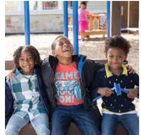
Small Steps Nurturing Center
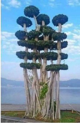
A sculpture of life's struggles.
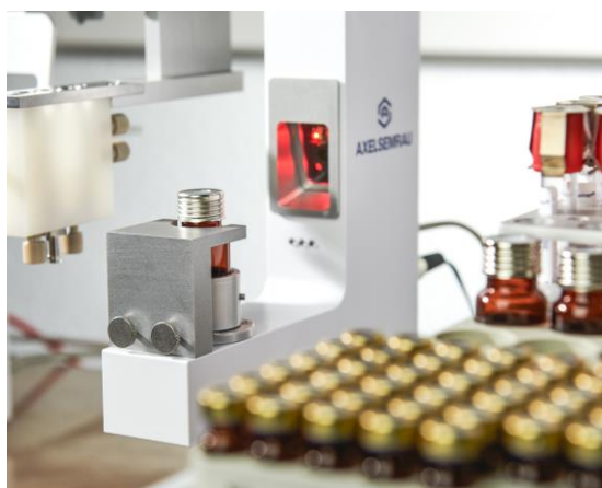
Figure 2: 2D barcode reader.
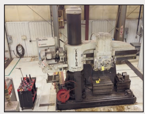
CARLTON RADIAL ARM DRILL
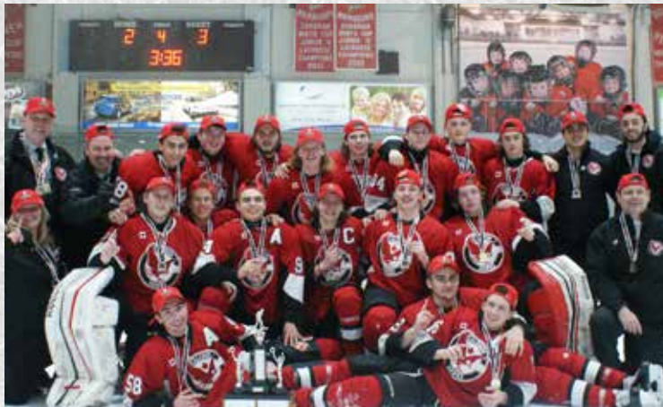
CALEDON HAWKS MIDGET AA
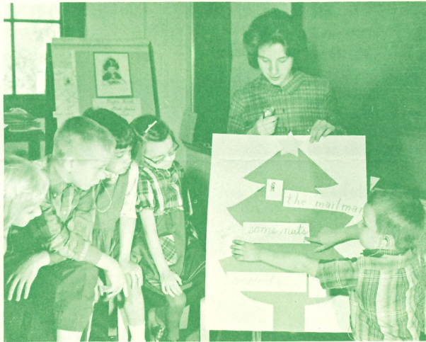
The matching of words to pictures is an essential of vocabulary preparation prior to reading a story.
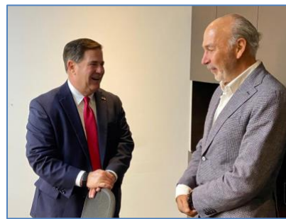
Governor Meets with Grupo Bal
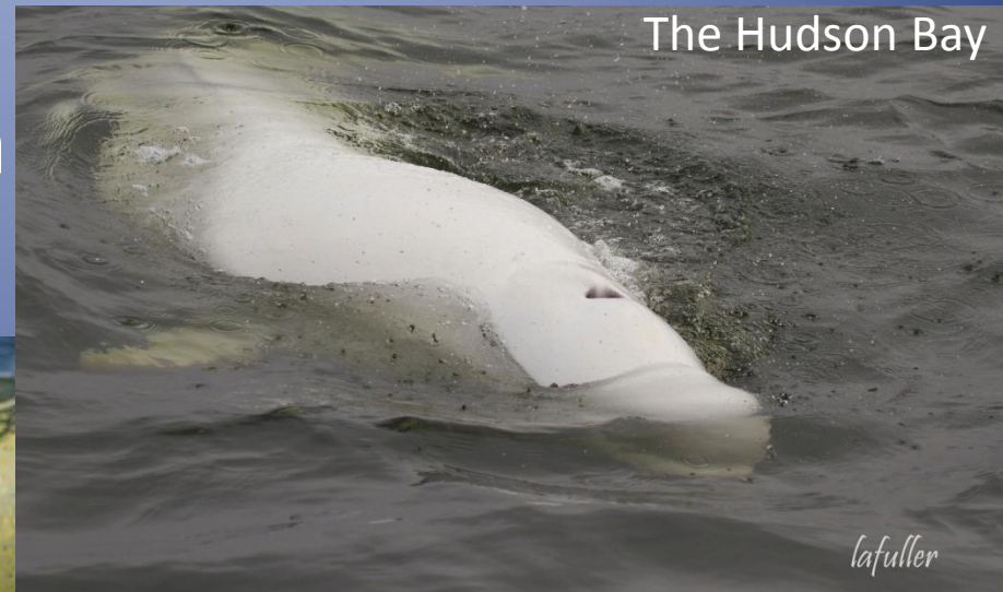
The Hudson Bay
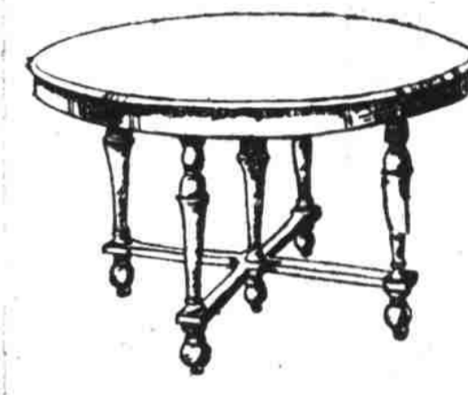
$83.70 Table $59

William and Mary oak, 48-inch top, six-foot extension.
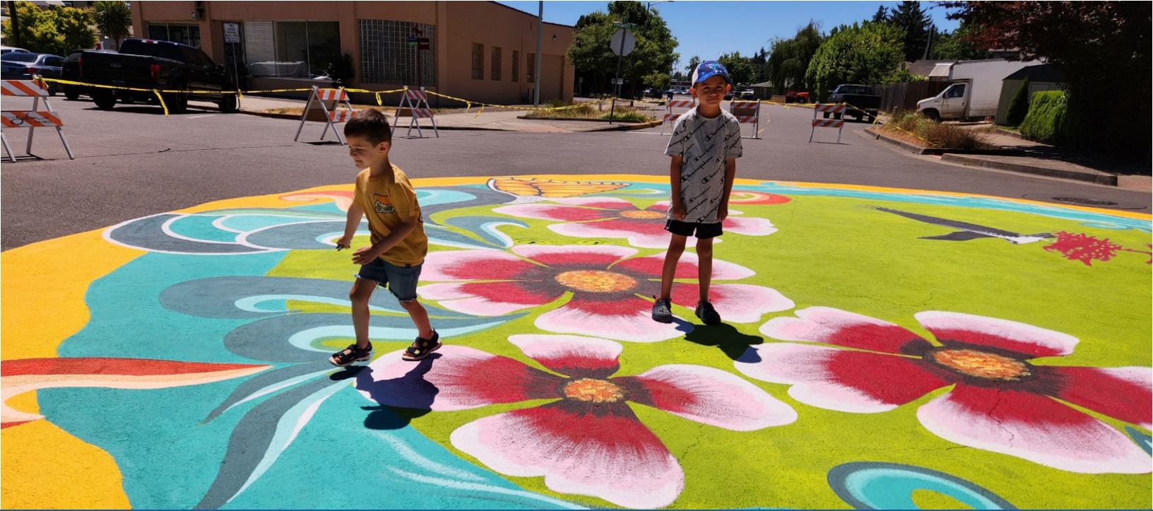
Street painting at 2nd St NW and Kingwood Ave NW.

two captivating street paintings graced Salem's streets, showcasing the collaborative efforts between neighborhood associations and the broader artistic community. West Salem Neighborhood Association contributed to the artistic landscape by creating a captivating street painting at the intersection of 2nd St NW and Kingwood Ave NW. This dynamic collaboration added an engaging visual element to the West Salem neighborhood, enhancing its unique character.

...

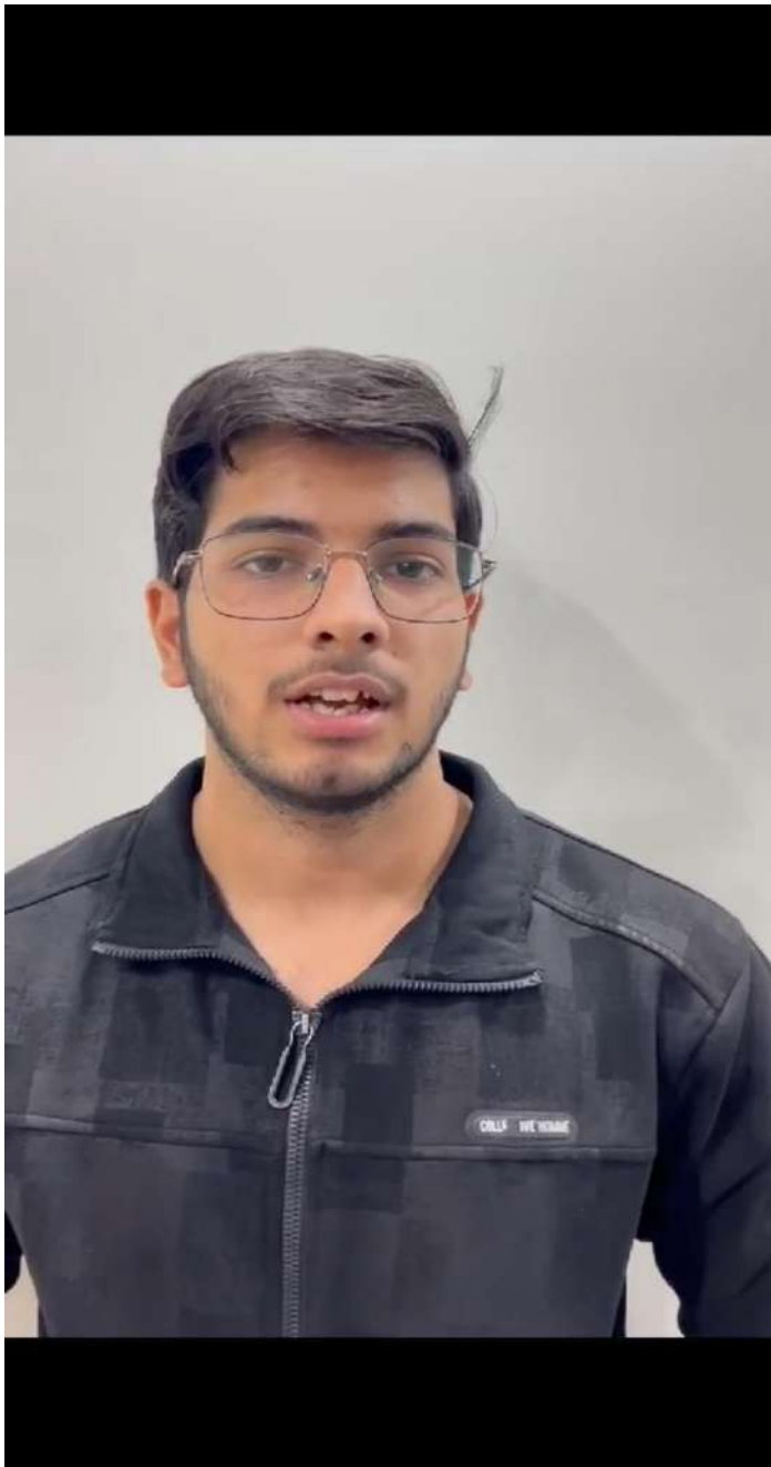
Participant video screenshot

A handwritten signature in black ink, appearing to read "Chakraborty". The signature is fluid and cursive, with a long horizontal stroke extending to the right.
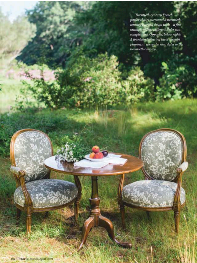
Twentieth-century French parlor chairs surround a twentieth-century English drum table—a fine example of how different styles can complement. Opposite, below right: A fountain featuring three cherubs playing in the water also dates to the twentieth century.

---

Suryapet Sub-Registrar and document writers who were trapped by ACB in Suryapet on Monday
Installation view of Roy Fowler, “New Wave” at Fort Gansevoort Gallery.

[ACTION ITEM]:
In the entries above, which lines run from the one with "The Hudson Bay" up to and including the one with "two captivating street"? Write them out exactly, without the pictures.

[TASK RESPONSE]:
The Hudson Bay
$83.70 Table $59

William and Mary oak, 48-inch top, six-foot extension.
Street painting at 2nd St NW and Kingwood Ave NW.

two captivating street paintings graced Salem's streets, showcasing the collaborative efforts between neighborhood associations and the broader artistic community. West Salem Neighborhood Association contributed to the artistic landscape by creating a captivating street painting at the intersection of 2nd St NW and Kingwood Ave NW. This dynamic collaboration added an engaging visual element to the West Salem neighborhood, enhancing its unique character.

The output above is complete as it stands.